Я холодно прервал его, заявив, что я приехал в такую даль лечить, а не болтать.
– Лечите, Бога ради, лечите, доктор, у меня много для вас работы, только помогите. Вы не знаете, мой дом – больница безнадежно больных. Это не дом – ад… то есть для меня, по крайней мере… сам по себе дом прекрасный. Пожалуйте вот сюда, доктор, я вам покажу кое-что.
Мы пошли между высокими деревьями аллеи.
– Я всю жизнь вожусь с докторами и хорошо их изучил, это по большей части… мошенники.
Старик остановился, пристально взглянул на меня и рассмеялся каким-то глуповатым смехом.
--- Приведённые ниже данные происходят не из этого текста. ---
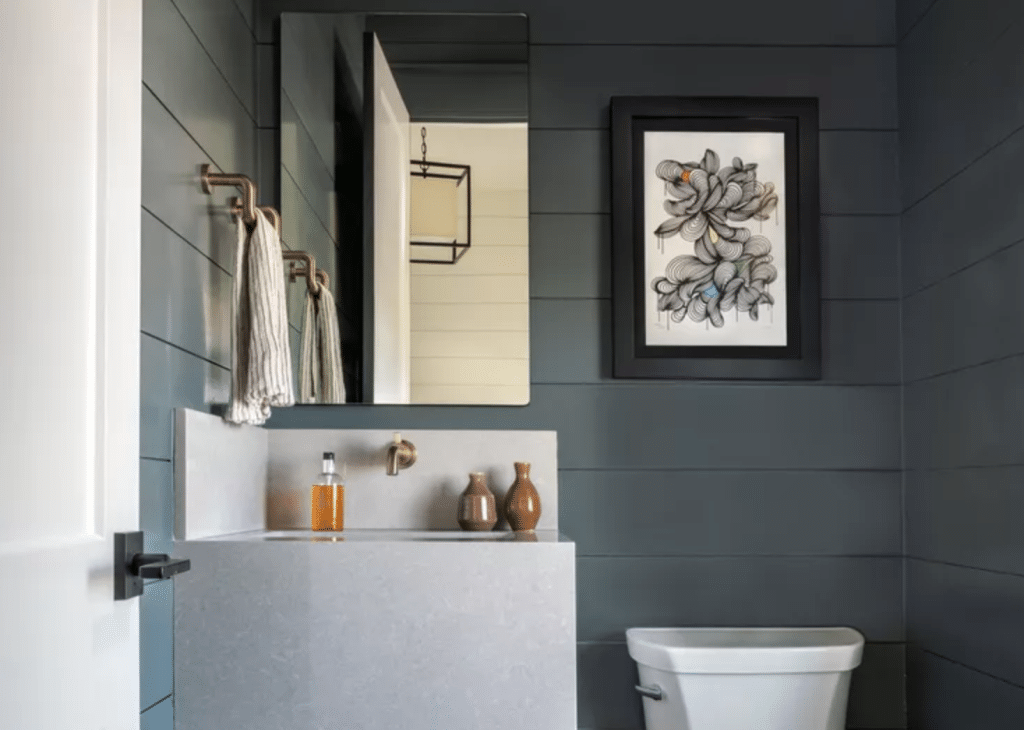 Benjamin Moore’s Lead Gray, being a dark color, perfectly goes well with the small space.
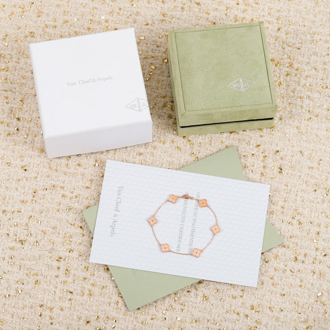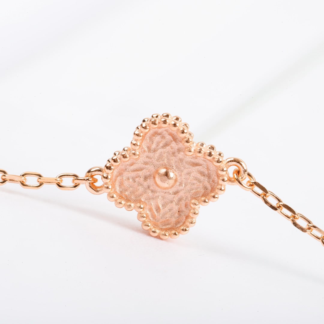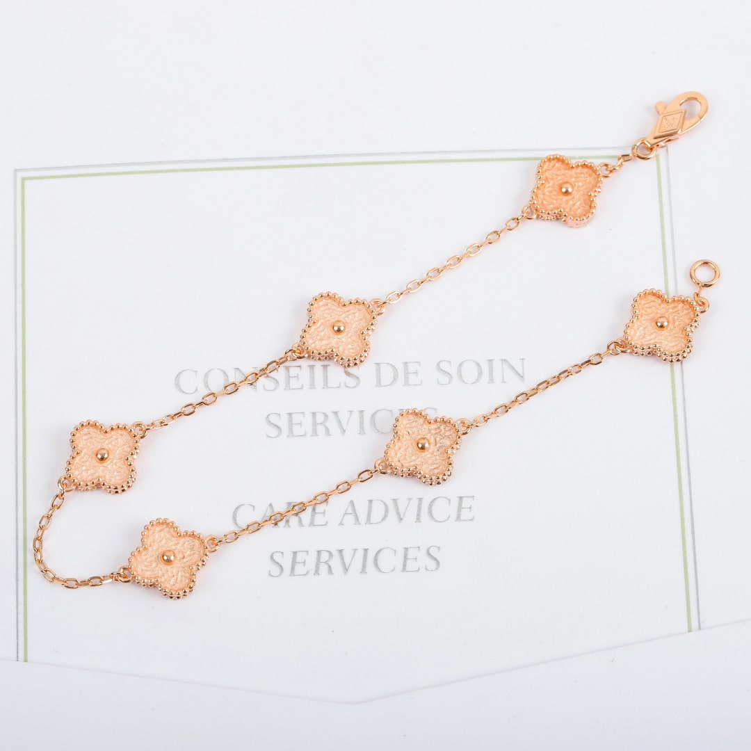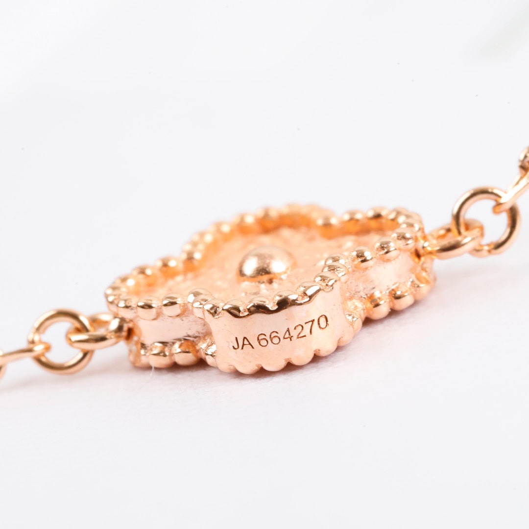 根據原版採用18K玫瑰金材質打造的玫紅色色澤高仿版本使用純銀材質打造,色澤部分可以做到對應的調色,整條手鏈涉及的光澤度,版型,弧度,亮度,手感都是工匠原版開模打造而成.其中正面反面分別有兩個菱形體凸出在表面,且菱形上邊VCA字母呈雙筆畫空心字體,其次是鎖扣部分細小結構部分,精準做到原版扣具版型.其長度17CM,符合眾多女士手腕尺寸.六花的寓意更能體現個人魅力.
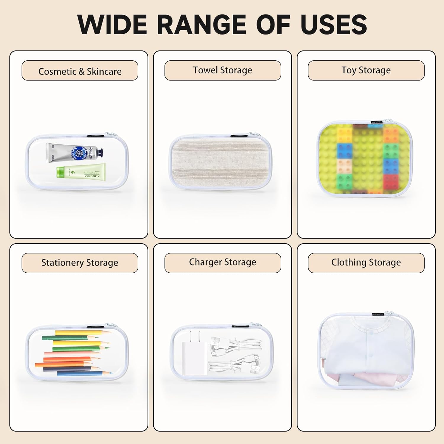 3 Pack Clear Hard Shell Zipper Case - Clear Waterproof Cosmetic Bag with Zipper, Kid's Toy Storage Organizer Bins, Charging Cables, creative journaling, painting brushes, Threads,Sketch Supplies

Я придал своему лицу холодный и обиженный вид.
– Бога ради, не сердитесь на меня, доктор. Мой порок – откровенность, и иногда я хватаю через край, хотя, в сущности, ругая врачей, я только отдаю им должное.
Я холодно и строго слушал все это.
– Не знаю, князь, кажется, медик совершенно лишнее лицо в вашем доме.
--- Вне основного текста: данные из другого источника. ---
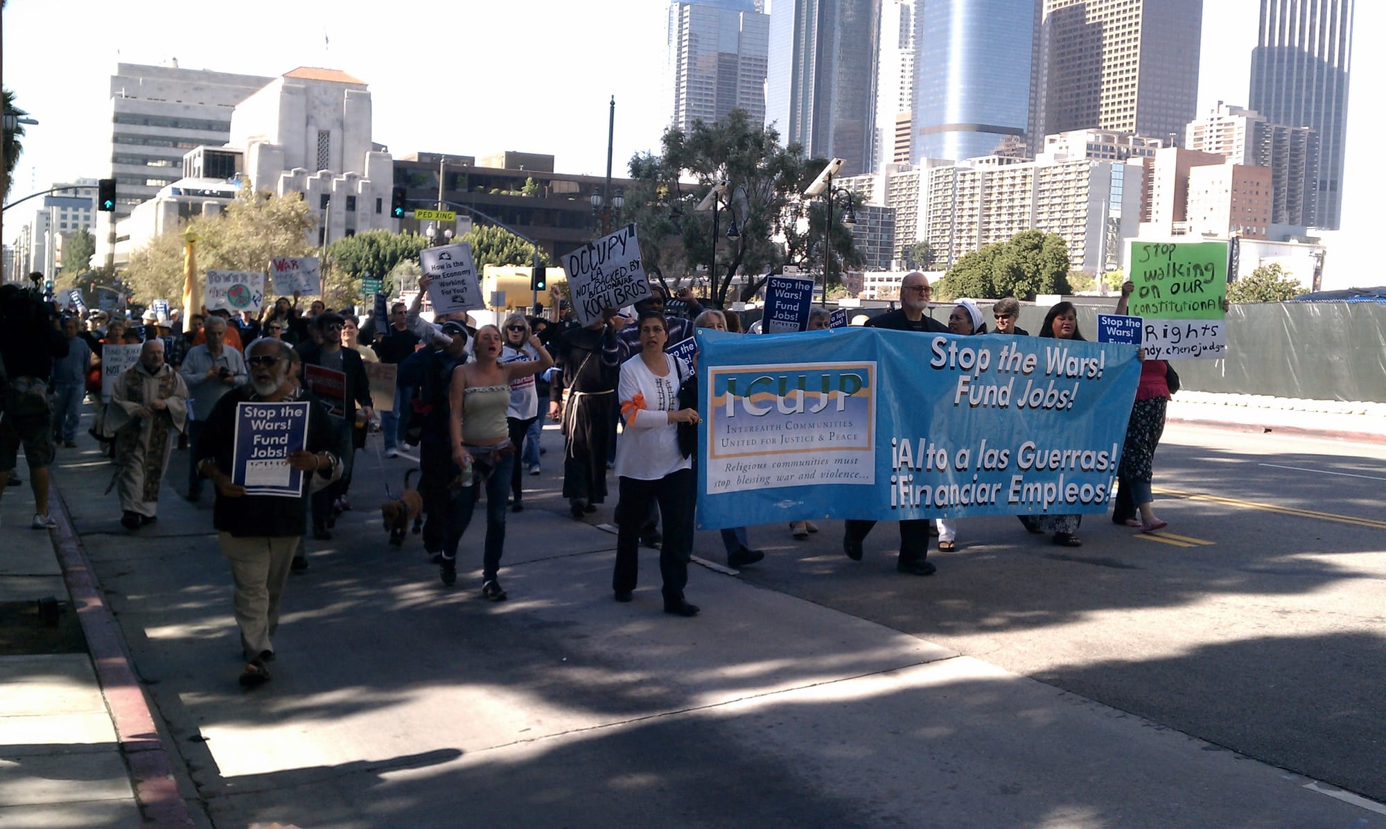 On Friday morning, an anti-war protest led by the Interfaith Communities United for Justice & Peace (ICUJP) converged with Occupy LA and completed its march at a nearby federal building. Shortly afterward, an unrelated visit from Dr. Cornel West attracted a throng of occupiers and cameramen in front of the steps of city hall.
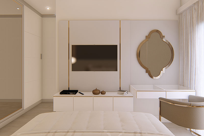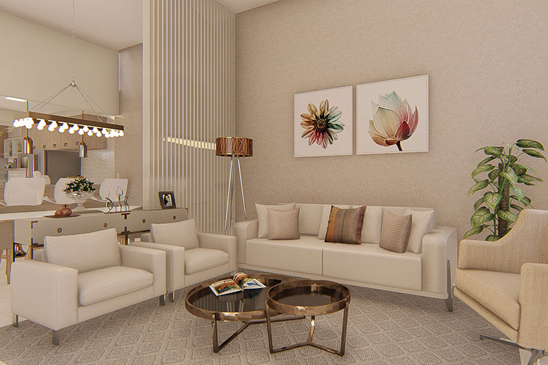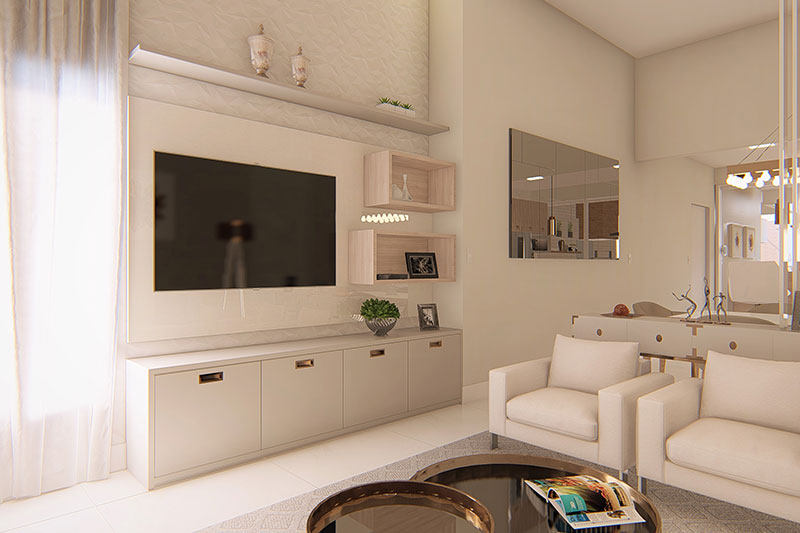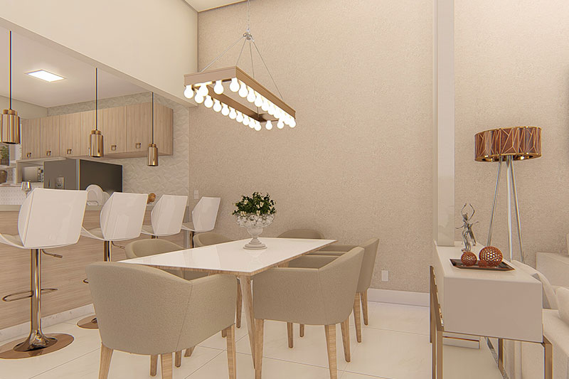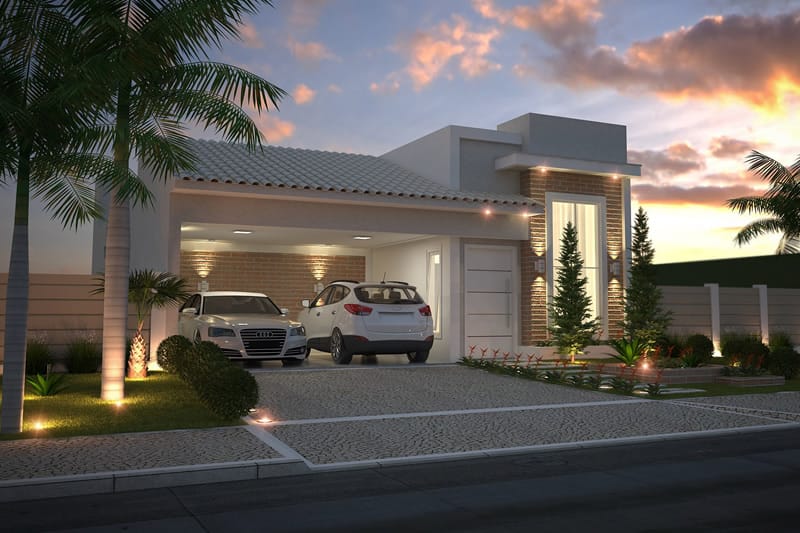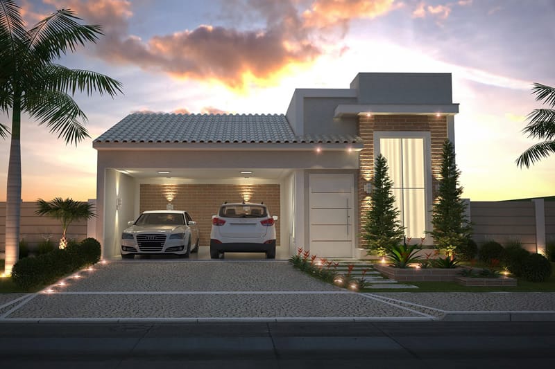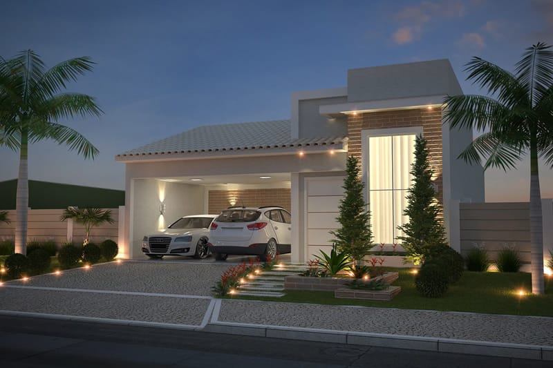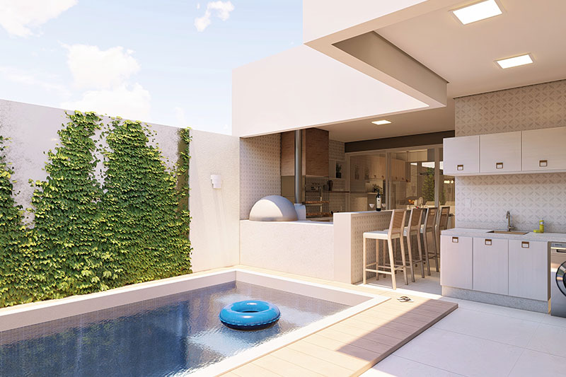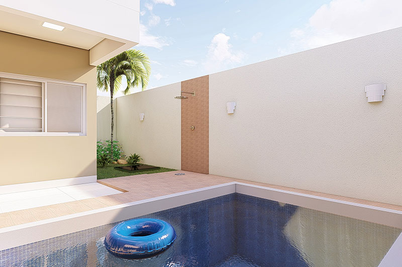 Esse projeto foi desenvolvido para um terreno de 10x25 metros, sua fachada trabalha uma mistura de telhado aparente com platibanda. A casa possui uma área de luz para o dormitório 1 e suíte master, transmitindo serenidade com a entrada de luz solar. A sala de jantar e a cozinha estão integradas no interior da casa, e a área gourmet completa a área de lazer com piscina.

– Бога ради, не сердитесь, доктор. Мой дом – печальный приют больных, и я пригласил вас… но медицина все-таки не наука, это черт знает что… Вы хотите, конечно, сказать: зачем я вас приглашаю, если имею такое мнение о вашей профессии? Вы меня легко поймете, если вникнете в мое положение. О, оно отчаянное, потому что жизнь моего сына и моей дочери на волоске, и где искать спасения – не знаю. Вы скажете, что помимо докторов есть еще Врач Бессмертный в небе. Очень может быть. Дайте мне Его адрес – я пойду.
Он посмотрел на меня и рассмеялся смехом юродивого.
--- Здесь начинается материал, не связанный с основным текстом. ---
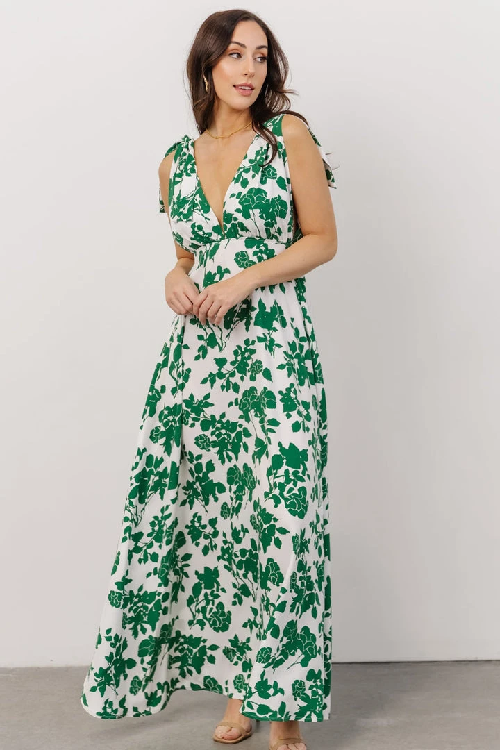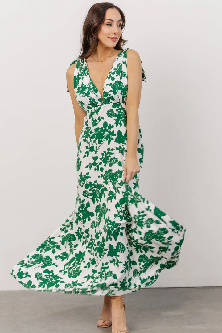 DD Dresses Everlee Tie Tank Maxi Dress | White + Green Floral
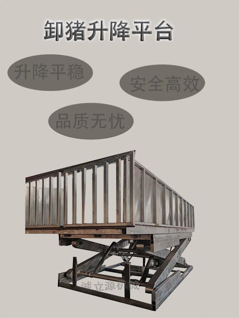 卸猪升降平台(系装卸货升降平台范围):分为移动式和固定式两款,也可以分为剪叉式升降和倾斜式升降两类。装卸货升降平台:在现代物流现场已是一非常易见的结构形式。它是企业物流链的起点与终点,是企业快速、安全周转产品及货物的一个装卸货平台。传统的装卸货平台高度固定,但来往运输车辆的厢地高度不一,运输车辆与装卸货站台之间总是形成一定的高度落差或间隙。造成搬运叉车不能进出运输车辆直接装卸货物。运用可升降的卸猪平台是提供可靠的衔接。使搬运叉车能够安全、快速进出运输车辆进行装卸货作业。
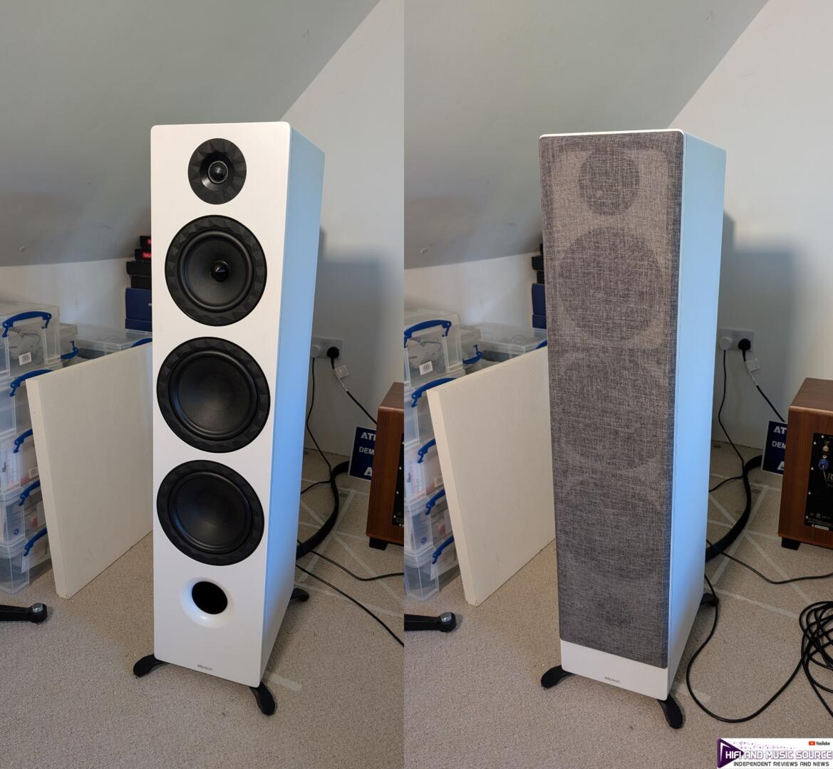 I’m a grille-off reviewer, but the fabric covers are delicate in a lighter shade of grey; the loudspeakers feel a bit softer with them. This is a fantasy, of course.
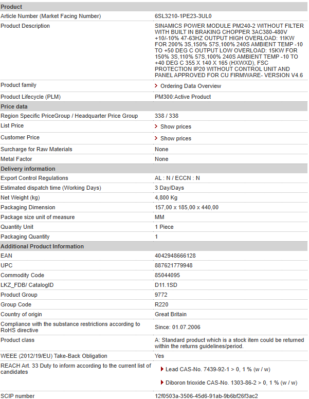 SINAMICS POWER MODULE PM240-2 WITHOUT FILTER WITH BUILT IN BRAKING CHOPPER 3AC380-480V +10/-10% 47-63HZ OUTPUT HIGH OVERLOAD: 11KW FOR 200% 3S,150% 57S,100% 240S AMBIENT TEMP -10 TO +50 DEG C OUTPU……
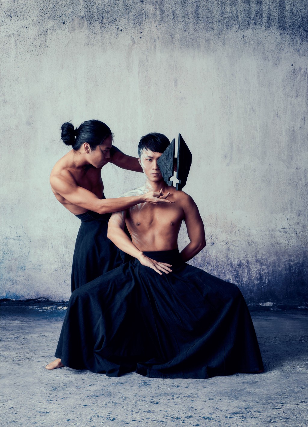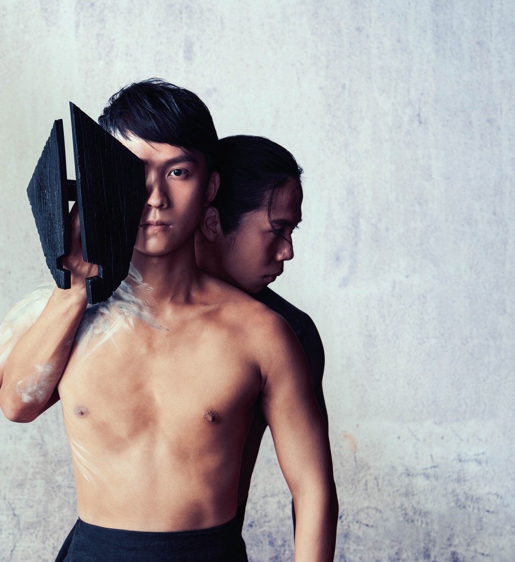 整片空无中透出幽灵般的身影,舞蹈员的身体慢慢移动,战雾里映出一道历史的身影——兰陵王,正是《兰陵.入阵》的主角。真实存在于历史里的兰陵王,生于宗室,以战功称王,骁勇善战的他胜仗连连,史书所记,唯一与他作为“王”的形象违背的,是他柔美阴柔的声相面貌。作品起自兰陵获册封为王,即使内心豪壮,擅长武艺,自认为不足以震慑敌人的他,只能披面具上阵。披假面上阵的兰陵王,在面具掩护下,成为众人的勇悍范样;落下面具,仍然是他本色为王的刚敢。

– Нет, я Его не знаю, не видел… Может быть, Он и там, но в какую дверь стучаться, этого мне никто не объяснил. Вы понимаете – надеяться приходится на то, во что не веришь. Я двадцать лет приглашаю докторов и двадцать лет их ругаю, и сознаюсь, не люблю я их; доктор и ворон – одно и то же… Один входит в дверь, то есть врач, другой садится на крышу – ворон: оба каркают. За ними тянется поп, гробовщик выступает последним. Так всегда у меня было… Посмотрите сюда, посмотрите.
Он остановился, и, к удивлению моему, я увидел, что очутился посреди могил, над которыми возвышались высокие мраморные памятники. Я с удивлением посмотрел на старика, решительно не понимая, зачем он меня сюда привел.
– Здесь я похоронил своих двух дочерей, здесь покоится моя старушка. Негодяи, они не могли вылечить – решительно ни одной. Нелли, Нелли! Ты не слышишь меня, крошка Нелли?!
Он склонился к мраморной плите, и из глаз его брызнули слезы. Имя «Нелли» он произносил певучим, дрожащим голосом, и в груди его точно что-то клокотало.
– Доктор, если вы не можете спасти моих двух детей, оставьте меня.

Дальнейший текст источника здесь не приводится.